Background There are limited literature data regarding the characteristics of rheumatoid arthritis (RA) patients treated with biologic DMARD (bDMARD) monotherapy.
Objectives To evaluate the disease and treatment characteristics of RA patients treated with bDMARD monotherapy.
Methods Multicenter, cross-sectional RA epidemiological study in Greece (06/2015–05/2016, ERE RA Study Group). Demographics, disease characteristics, treatment and co-morbidity data were collected via a web-based platform
Results 1036 RA patients treated with bDMARDs were identified during the one year recruitment period (female: 82%, mean age: 61.5±13 years, mean disease duration: 12.5±8.9 years, mean DAS28-ESR: 3.4±3.3). Among them, 26% (n=273) were receiving bDMARDs as monotherapy and 8% (n=23) of them had never tried conventional synthetic DMARDs (csDMARDs) before; The latter group (n=23) compared to the csDMARD-exposed (92%, n=250) group, had more often co-morbidities [cardiovascular disease (22% vs. 8%, p=0.029), chronic hepatitis (13% vs. 3%, p=0.02), hypertension (57% vs. 38%, p=0.08), COPD (13% vs. 4.4%, p=0.07)] or were active smokers (41% vs. 14%, p=0.001). csDMARD discontinuation was mainly due to adverse events (AEs, 58%) followed by inadequate response (IR, 44%). Compared to the cs- and b-DMARD combination therapy group, monotherapy treated patients were more frequently seropositive (64% vs. 57%, p=0.003), had lower DAS28-ESR (3.2 vs 3.5, p=0.009) and were more likely to have discontinued csDMARDs for AEs (58% vs. 21%, p<0.001) or IR (44% vs. 27%, p<0.001). Tocilizumab (22.3% vs. 12.7%, p<0.001) and rituximab (19.8% vs. 13.5%, p=0.013) were utilized more often, whereas adalimumab less often (8.8% vs. 14.8%, p=0.012) as monotherapy compared to as part of combination therapy.
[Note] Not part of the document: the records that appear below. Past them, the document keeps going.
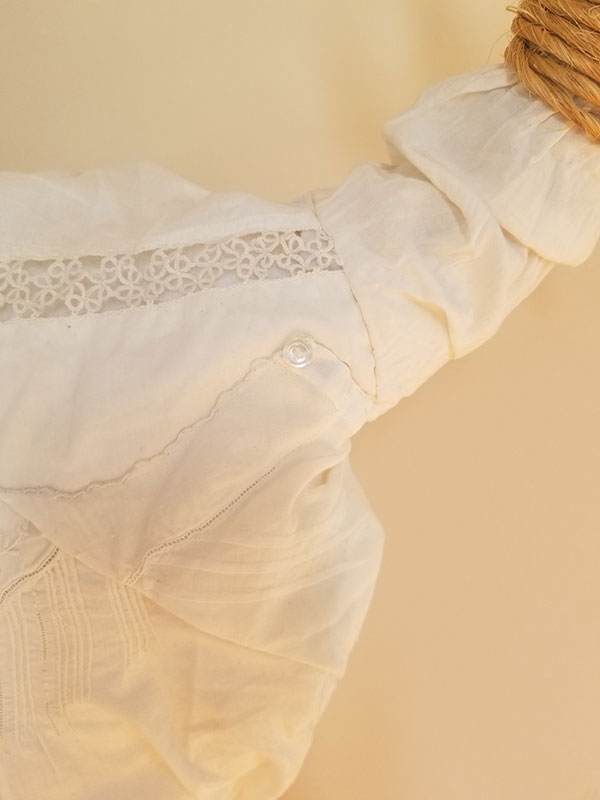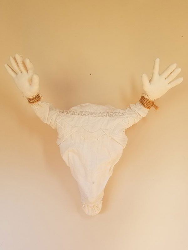 Bison skull epoxy, vintage gloves and child's dress, baler twine, poly fiberfill, felt and galvanized wire
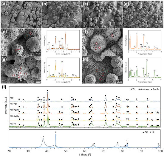 SEM confirmed that the additions of Ag and Fe NPs to the electrolyte did not change the surface morphology of the biofunctionalized scaffolds (Figure 2a–d). NPs were tightly embedded in the porous TiO2 surface layer. Moreover, Ag NPs can be identified on PEO Ag3 specimens (Figure 2e), Ag and Fe NPs on PEO Ag2Fe (Figure 2f), PEO Ag1Fe specimens (Figure 2g), and Fe NPs on PEO Fe specimens (Figure 2h).
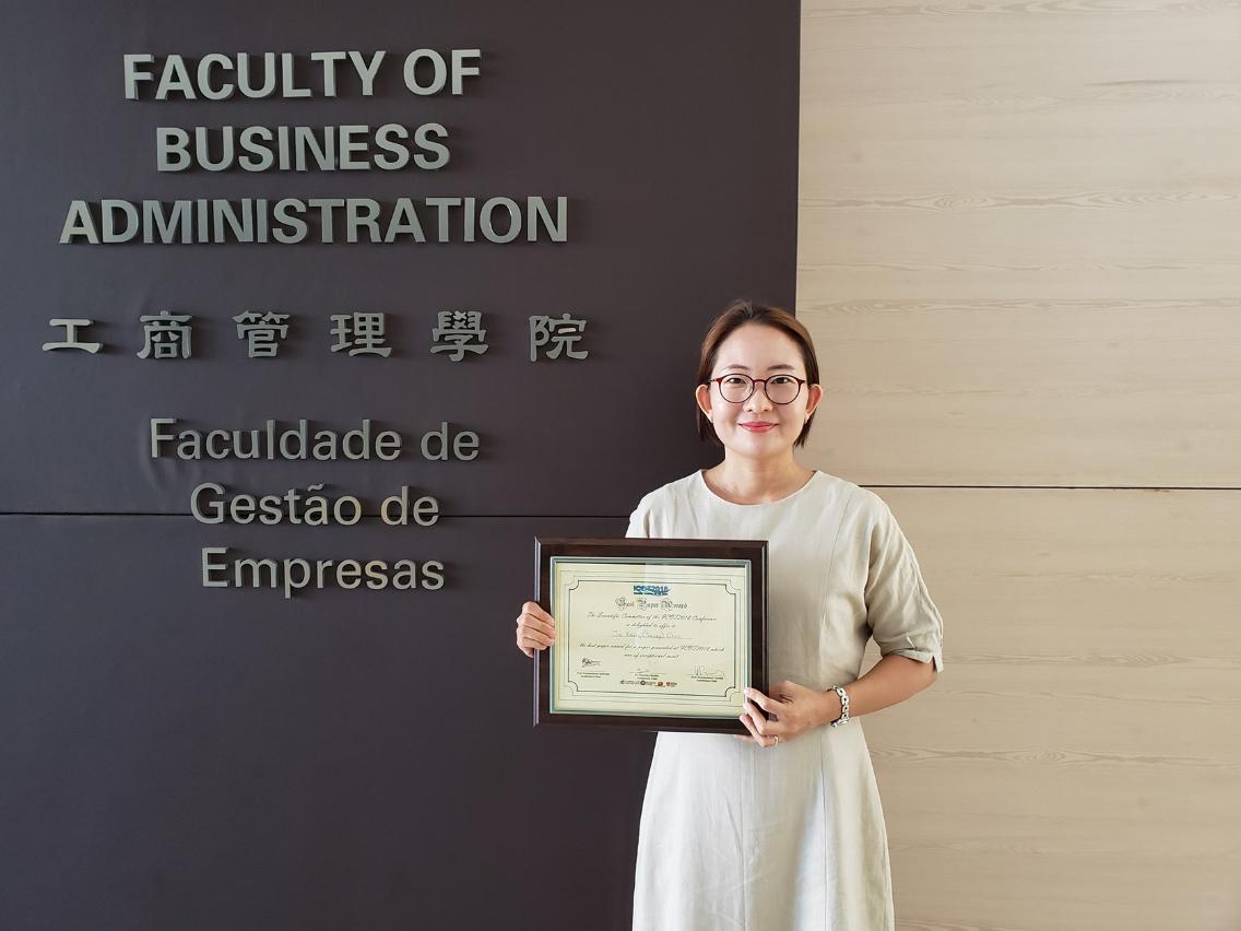 Jacey Choe Jayoung, an assistant professor of international integrated resort management from the Faculty of Business Administration, University of Macau (UM), recently received the Best Paper Award at the Eighth International Conference on Tourism (ICOT), for her paper titled ‘Understanding Food Tourists’ Hierarchical Consumption Value Maps’. The paper is co-authored by Jacey Choe and Oh Munhyang from the School of Hotel and Tourism Management at the Hong Kong Polytechnic University.
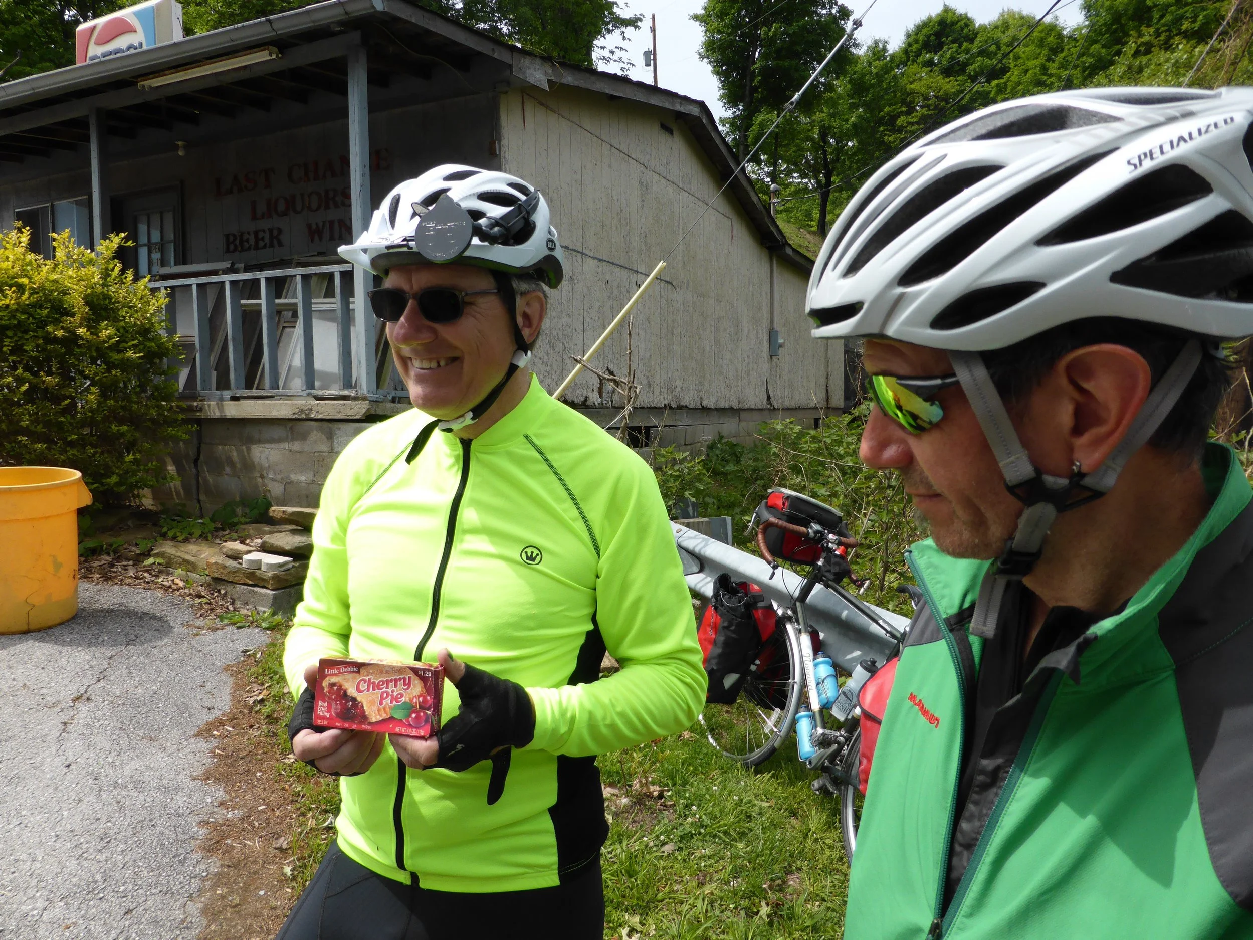 Some interesting facts learnt today. Why do cyclists have to climb so many hills in Kentucky? To tenderise the meat for the dogs. Also learnt of Jerry's special technique for climbing hills - "pie bombs". Basically eat a cherry or fruit pie half an hour before needed and the sugar rush will send you coasting to the top. I wonder if Apple Crumble would work too?
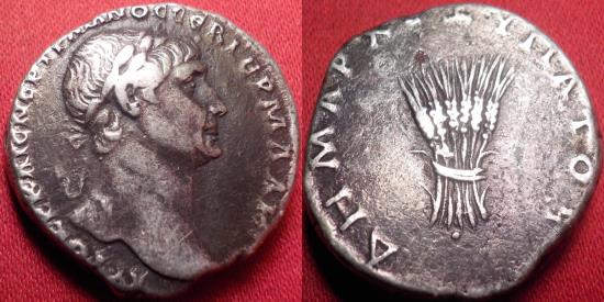 TRAJAN AR silver tridrachm. Arabia, Bostra, circa 112-114 AD. ΑΥΤΟΚΡ ΚΑΙС ΝЄΡ ΤΡΑΙΑΝΟС СЄΒ ΓЄΡΜ ΔΑΚ. laureate head of Trajan to right. Reverse - ΔΗΜΑΡΧ ЄΞ Υ]ΠΑΤO ς Bundle of six grain ears. RPC III 4063. 23mm, 8.9g.
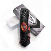 Descriptif : Le couteau Dragon Eye est doté d'une lame drop point en acier inox avec un décor dragon. L'ouverture d'une main est possible avec le pouce. Le manche est en ABS avec le décor d'un oeil. En position ouvert la lame du couteau est bloquée par un linerlock et le clip assure un accès rapide au couteau.
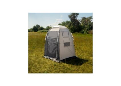 Ideal als Duschzelt oder Umkleidekabine am Strand. Geschützte Belüftungsöffnung oben ermöglicht schnellen Luftaustausch. Im Inneren verfügt das Zelt über Aufbewahrungstaschen für Duschgel oder ähnliches. Technische Daten: Wassersäule: 1000 mm Grundfläche B150 x T150 cm, H210 cm Material: 100% Polyester Packmaß: 54 x Ø12 cm Gestänge: Fiberglas Gewicht: ca. 3 kg Farbe: grau/anthrazit Lieferumfang: 1 Dusch- bzw. Umkleidezelt
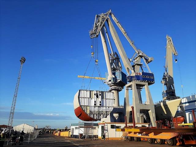El acto interno ha comenzado a las 08.30 horas de la mañana y se ha desarrollado sin contratiempos en la grada 3. Han asistido, entre otros, el director del Astillero Bahía de Cádiz, Javier Herrador; el director del programa en Navantia, Vicente Martínez Caridad; y el capitán Abdullah Alshehri, director de la Oficina del programa saudí. Con la puesta de quilla de hoy (bloque 101) comienza la construcción en grada del penúltimo buque de este programa. En este caso, será la C549 y llevará por nombre JAZAN. Hay que destacar que este bloque ha sido construido en Navantia Puerto Real, fruto de la colaboración entre ambos astilleros de la Unidad de Negocio del Astillero Bahía de Cádiz en este programa. El módulo fue trasladado hasta el astillero de San Fernando el pasado fin de semana.
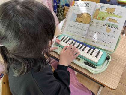 鍵盤ハーモニカをしました。先生の伴奏に合わせて指を動かしました。
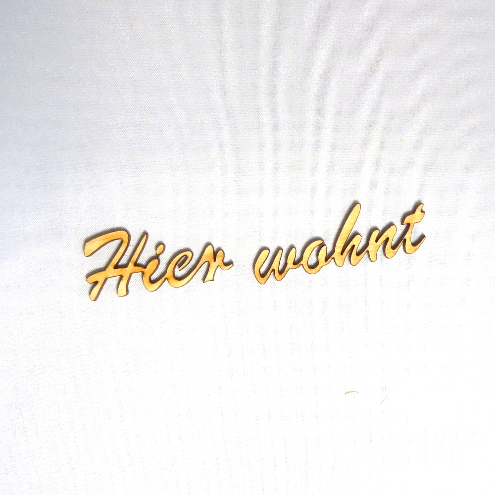 Holzschriftzug Hier wohnt aus 3mm Sperrholz, Höhe 20mm, Länge 100mm
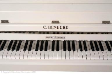 Neues Klavier! Die C. Benecke Klaviermechaniken, sind wie ihr berühmtes Vorbild, aus feinem, gut abgelagertem, massivem Weissbuchenholz französischer Herkunft, nach deutschem Vorbild, in traditioneller Weise gefertigt.Die Hammerkopffilze und sonstige Tücher und Filze entsprechen den bis dato verfügbaren guten, bis sehr guten Qualitäten. Die komplette Ausarbeitung, Endregulierung und Intonation in unseren Ahrensburger Werkstätten machen dieses Klavier, auch bei professionellen Musikern, zu einem beliebten Instrument ,nicht zuletzt wegen seiner guten Stimmhaltung, der ausgewogenen und repetierfreudigen Spielart, sowie des voluminösen Klanges. Das Seitenmaterial wird von der Firma Röslau aus Deutschland geliefert.
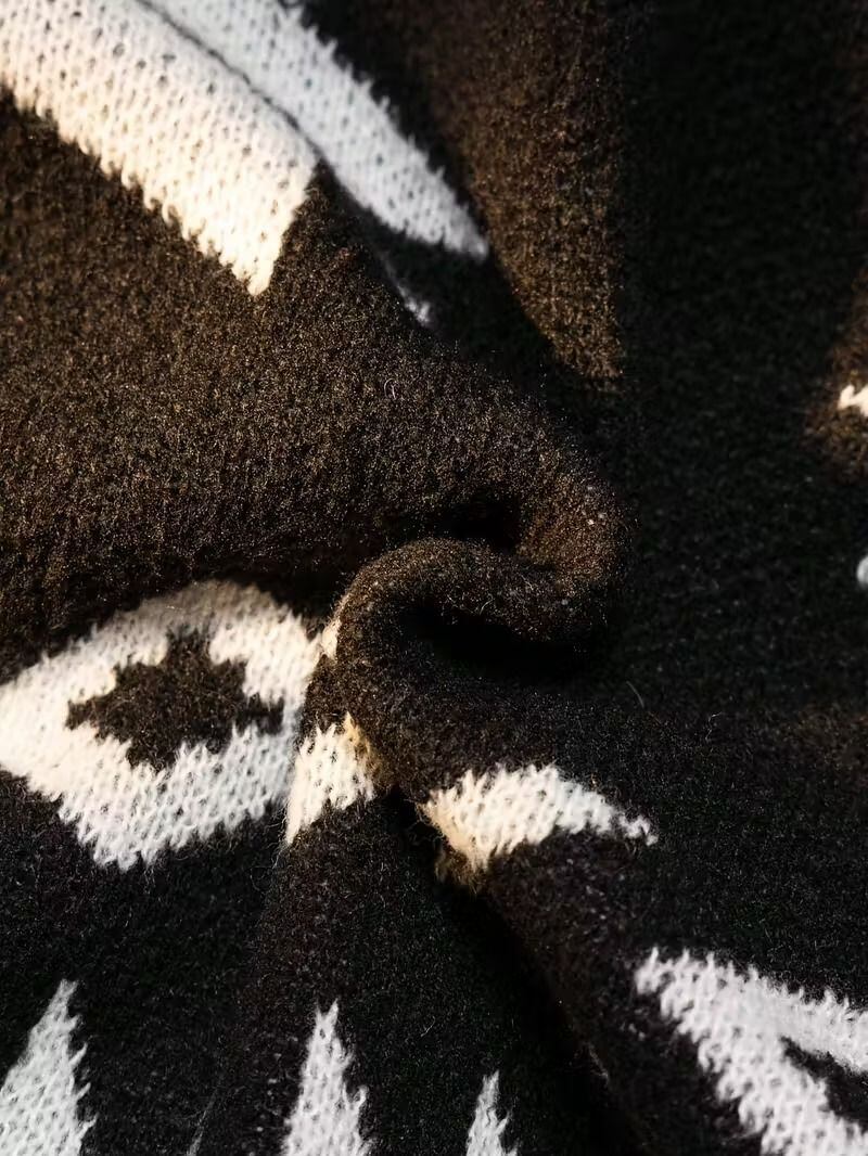 おしゃれな幾何学模様が特徴のルーズフィットニットセーターです。ブラックとホワイトのカラーブロックデザインが、洗練された印象を与えています。スタンドカラーで首元もおしゃれに決まり、カジュアルなコーディネートにぴったりのプルオーバーです。秋冬のレイヤリングにも、春先の軽やかな着こなしにも大活躍する一着です。着心地もゆったりとしており、リラックスした日常使いにも最適です。

Conclusions In our large RA cohort, one out of four bDMARD treated patients, were receiving bDMARDs as monotherapy. Co-morbidities rather than RA characteristics influence the initial decision for bDMARD monotherapy whereas among those starting combination cs- and b-DMARD therapy, the majority discontinue csDMARDs due to AEs.
Acknowledgements Grant support from the Hellenic Rheumatology Society and Professional Association of Rheumatologists.